In this dramatic confrontation and rife with disobedience, the Company of Works became more mature: we discovered that the aim was not above all to resolve needs, but to share them, to make Christianity as we had encountered it present in every aspect of life: we met many people, many of us created services and businesses, the group grew larger, there was even a capacity for public judgment born which the Meeting brings to light. Our petitions for subsidiarity for private schools are the sign of a commitment to guarantee liberty and democracy to every person and every reality in our country, even if they are very different from us.
But there is a last phase, the one that is still going on. I am part of the Memores Domini, and because of this frenetic activity I was always out, I was never at home. So people would ask me, "Do you have a house? Who is your family?"

David and Goliath
My working method had a weak point: it was in some ways a flight from myself, a covering up by activity of the ultimate questions that are the origin of everything.

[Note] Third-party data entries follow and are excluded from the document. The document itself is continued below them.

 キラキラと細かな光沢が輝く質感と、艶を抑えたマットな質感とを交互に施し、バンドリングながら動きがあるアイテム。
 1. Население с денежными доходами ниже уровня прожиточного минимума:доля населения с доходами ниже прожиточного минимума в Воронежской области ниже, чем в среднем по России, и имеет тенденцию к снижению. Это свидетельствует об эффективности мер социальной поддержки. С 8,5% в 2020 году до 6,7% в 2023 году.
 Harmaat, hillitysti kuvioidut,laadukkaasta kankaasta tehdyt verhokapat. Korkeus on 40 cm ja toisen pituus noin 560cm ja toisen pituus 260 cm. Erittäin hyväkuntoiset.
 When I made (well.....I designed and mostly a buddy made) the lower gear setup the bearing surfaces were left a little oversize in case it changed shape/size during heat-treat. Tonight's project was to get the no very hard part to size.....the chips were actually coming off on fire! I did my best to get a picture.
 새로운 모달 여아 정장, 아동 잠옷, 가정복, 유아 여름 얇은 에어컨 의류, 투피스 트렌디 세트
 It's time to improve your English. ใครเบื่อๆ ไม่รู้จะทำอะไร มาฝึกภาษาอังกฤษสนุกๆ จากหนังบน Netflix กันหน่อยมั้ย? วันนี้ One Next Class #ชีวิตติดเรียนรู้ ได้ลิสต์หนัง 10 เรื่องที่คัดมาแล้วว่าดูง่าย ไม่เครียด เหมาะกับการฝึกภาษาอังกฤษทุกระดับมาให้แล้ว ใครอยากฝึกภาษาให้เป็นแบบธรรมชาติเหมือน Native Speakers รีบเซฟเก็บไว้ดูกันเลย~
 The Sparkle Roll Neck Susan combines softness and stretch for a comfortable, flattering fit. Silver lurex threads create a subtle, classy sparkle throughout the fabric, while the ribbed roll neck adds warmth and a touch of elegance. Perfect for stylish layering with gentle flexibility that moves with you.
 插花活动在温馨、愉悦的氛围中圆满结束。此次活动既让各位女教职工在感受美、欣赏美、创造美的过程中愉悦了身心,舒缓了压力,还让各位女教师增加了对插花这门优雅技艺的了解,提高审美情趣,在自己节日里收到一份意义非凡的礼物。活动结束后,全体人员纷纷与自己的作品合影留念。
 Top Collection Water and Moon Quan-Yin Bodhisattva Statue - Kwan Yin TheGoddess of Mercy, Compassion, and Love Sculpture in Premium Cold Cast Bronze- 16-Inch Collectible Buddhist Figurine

I began to discover for the first time in an adult way that action is weak if it does not start out from a deepening of an origin lived in a specific place (for me this was the vocation to virginity and the house of the Memores Domini as a "scale model" of the world, for others the Fraternity group and the family).
The greatest discovery was that of a more mature way of following, one filled with the risk of my freedom, and less mechanical. Risking all of one's freedom, intelligence, and affection in what one does, trying to move the way the one who originated all this moves.

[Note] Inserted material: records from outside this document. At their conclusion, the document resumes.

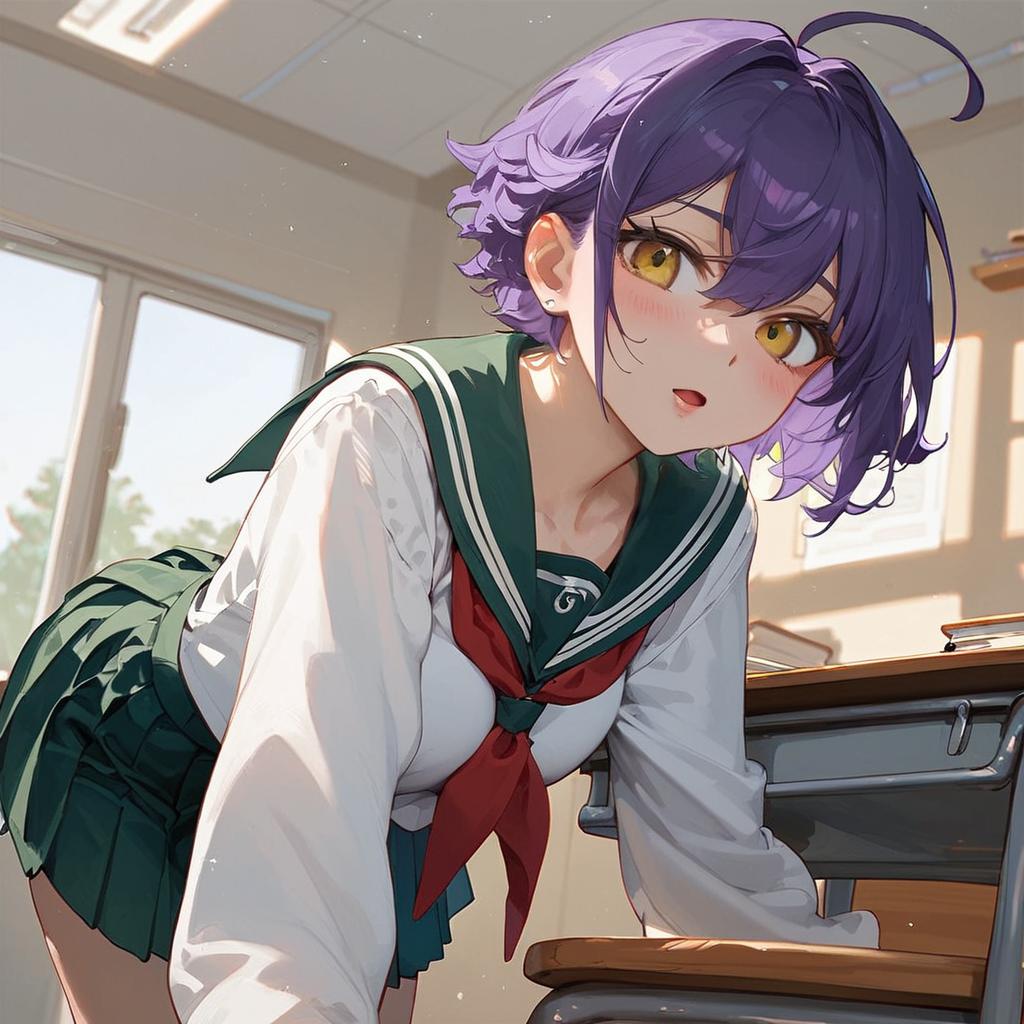 Score_9, score_8_up, score_7_up, source_anime, utenahiiragi, short hair, yellow eyes, purple hair, ahoge, hair intakes, skirt, shirt, long sleeves, school uniform, white shirt, pleated skirt, serafuku, sailor collar, neckerchief, green skirt, green sailor collar, indoors, classroom, bent over, looking at viewer, dutch angle, cowboy shot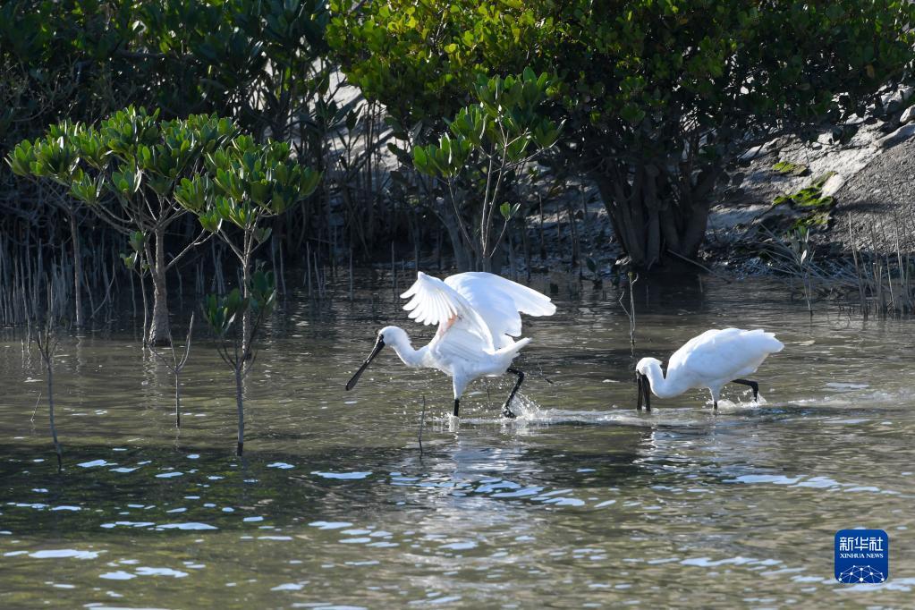 2月1日,两只黑脸琵鹭在福田红树林湿地里觅食。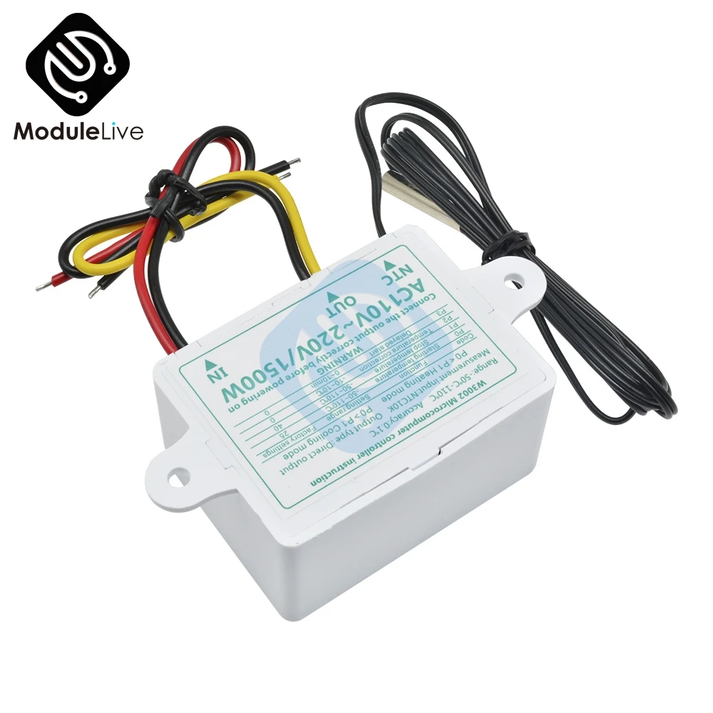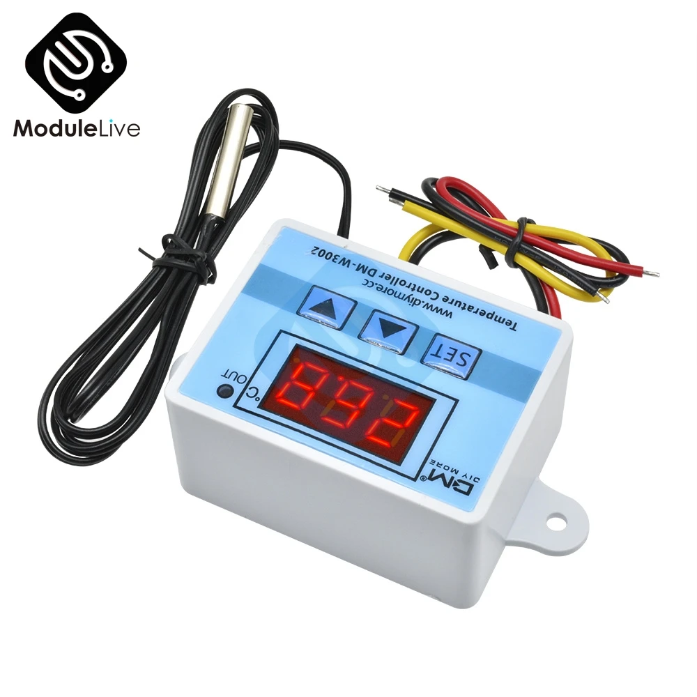 W3002 12 В 24 в 110 В 220 В светодиодный цифровой контроллер температуры термос терморегулятор датчик измеритель нагрева охлаждения + 1 м 10k 3950 провода

So, unceasingly, the charism that we have encountered tends to become the form that the relationships with my housemates, my friends, and my colleagues takes. Everything becomes a dramatic confrontation, because every relationship is between two "I"s, one who follows and one who leads, in whatever circumstance.
What we are doing is participating in an epoch-making act: to serve an Event that has already changed history in precise places. Let's think of what this means: at home, when we talk to government leaders or give newspaper interviews, when we build businesses, we challenge (like David) with the strength of our judgment the Goliaths who dominate us.
Thus, we discover that humanly everything is impossible: friendship, love, work, building a society; impossible to man, to me with my limits, but possible to God who became flesh among us.